→ Work item
What you return should be the exact lines from the one with "Mochila térmica em" to the end of the records below, both included, and no pictures.

→ Data records

<<<<

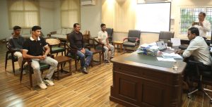 कलेक्टर श्री संदीप जी आर ने सोमवार को कलेक्टर कक्ष में बुल्गारिया में आयोजित होने जा रहे कूडो वर्ल्ड कप के लिए चयनित सागर के चार खिलाड़ियों से मुलाकात कर उन्हें शुभकामनाएं दीं। इस मौके पर उन्होंने कूडो खेल के प्रशिक्षण, तकनीक और भविष्य की योजनाओं पर विस्तार से चर्चा की। कलेक्टर ने कहा कि विश्व मंच पर जिले का नाम रोशन करने वाले खिलाड़ियों से जिले के विद्यार्थियों को भी प्रेरणा मिलेगी।
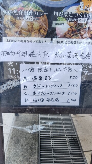 温泉玉子トッピング50円(この日より、あいがけの温玉は有料トッピングに)
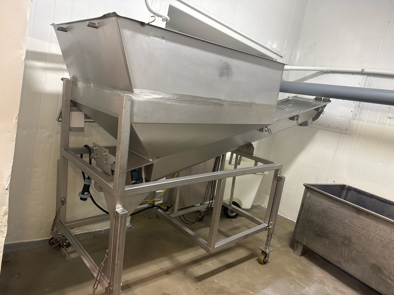 inclined screw conveyor, 9 in. dia. X 9 ft., stainless steel, hopper, mobile (no motor) [Loc. Production Area]
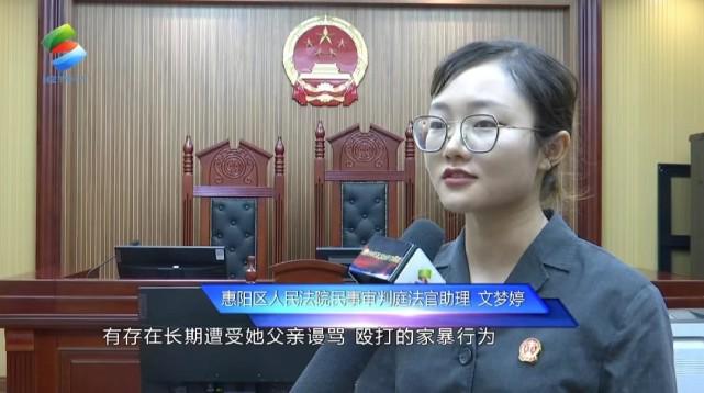 惠阳区人民法院民事审判庭法官助理 文梦婷:她的母亲,也就是说这个妇女有存在长期遭受她父亲谩骂、殴打的家暴行为。最近一次发生在2022年的6月份,在这个妇女孙子的满月酒上,加害人存在谩骂以及打了这个妇女两巴掌这样一个殴打行为,跟她儿子也发生了肢体冲突。
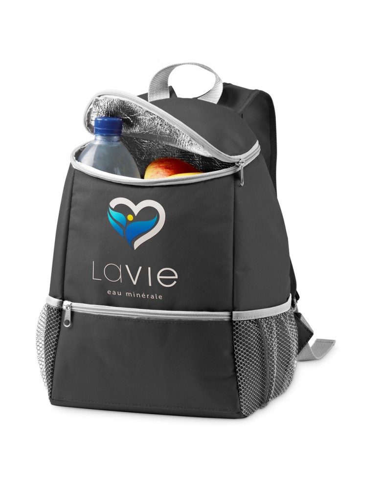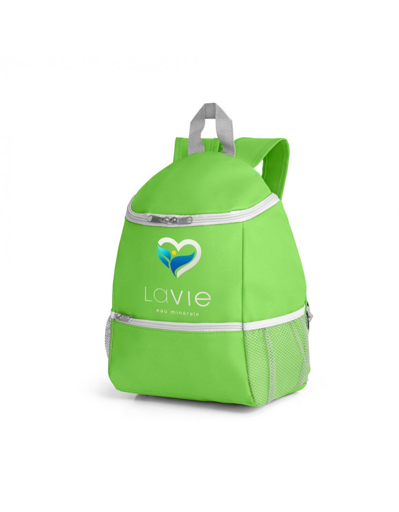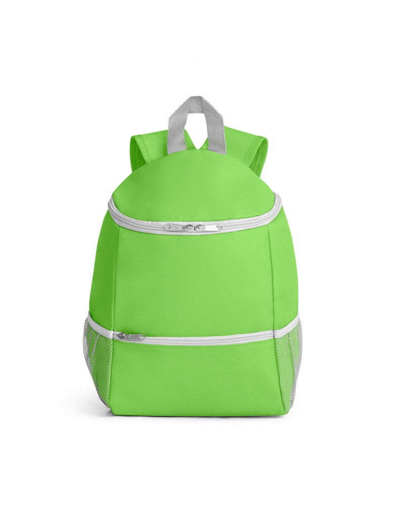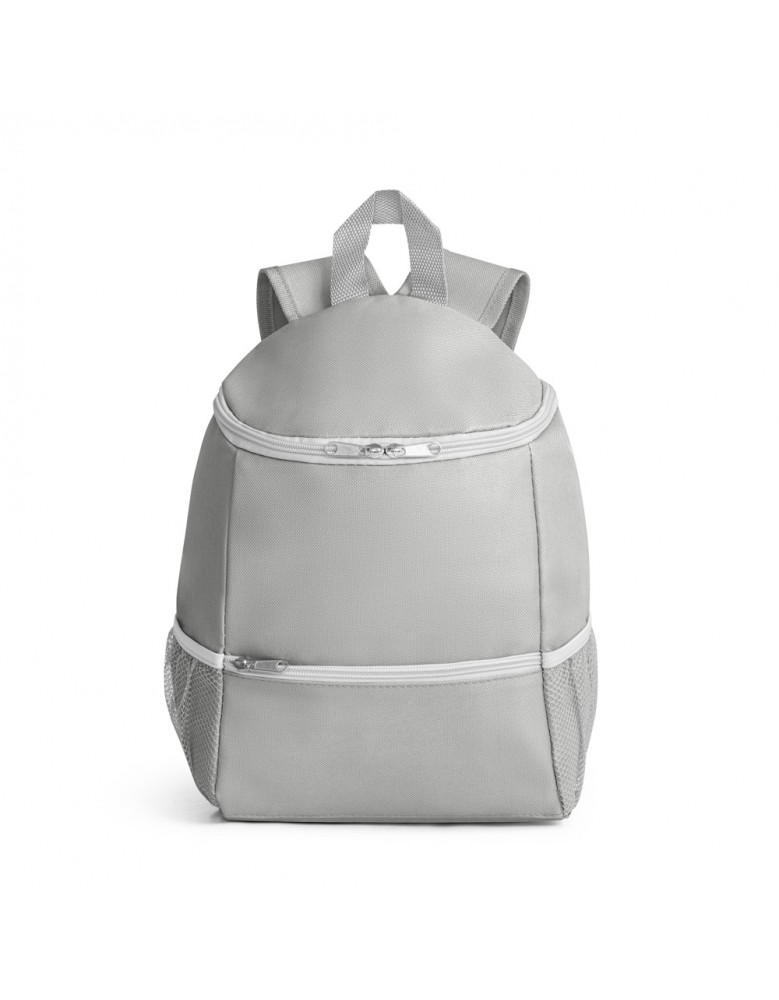 Mochila térmica em 600D com capacidade até 10 L. Inclui um bolso frontal com zíper e dois bolsos laterais em tela. Food grade. 280 x 340 x 140 mm
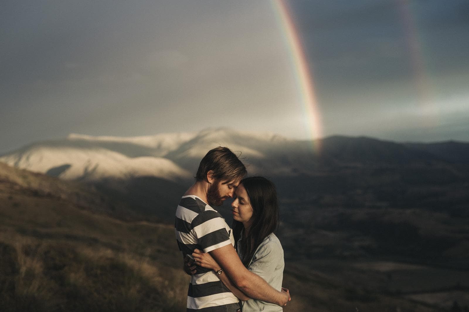 在如此宏大的自然面前,两人之间的亲密感反而显得更加珍贵.无论是那个安静的鼻尖相触,还是在山脊上的深情相拥,Yi&Siyu眼里的爱意让这片荒野变得温暖起来.这就是我最喜欢的画面——世界很大,而我们彼此依靠.

>>>>

→ Problem solution
 Mochila térmica em 600D com capacidade até 10 L. Inclui um bolso frontal com zíper e dois bolsos laterais em tela. Food grade. 280 x 340 x 140 mm
 在如此宏大的自然面前,两人之间的亲密感反而显得更加珍贵.无论是那个安静的鼻尖相触,还是在山脊上的深情相拥,Yi&Siyu眼里的爱意让这片荒野变得温暖起来.这就是我最喜欢的画面——世界很大,而我们彼此依靠.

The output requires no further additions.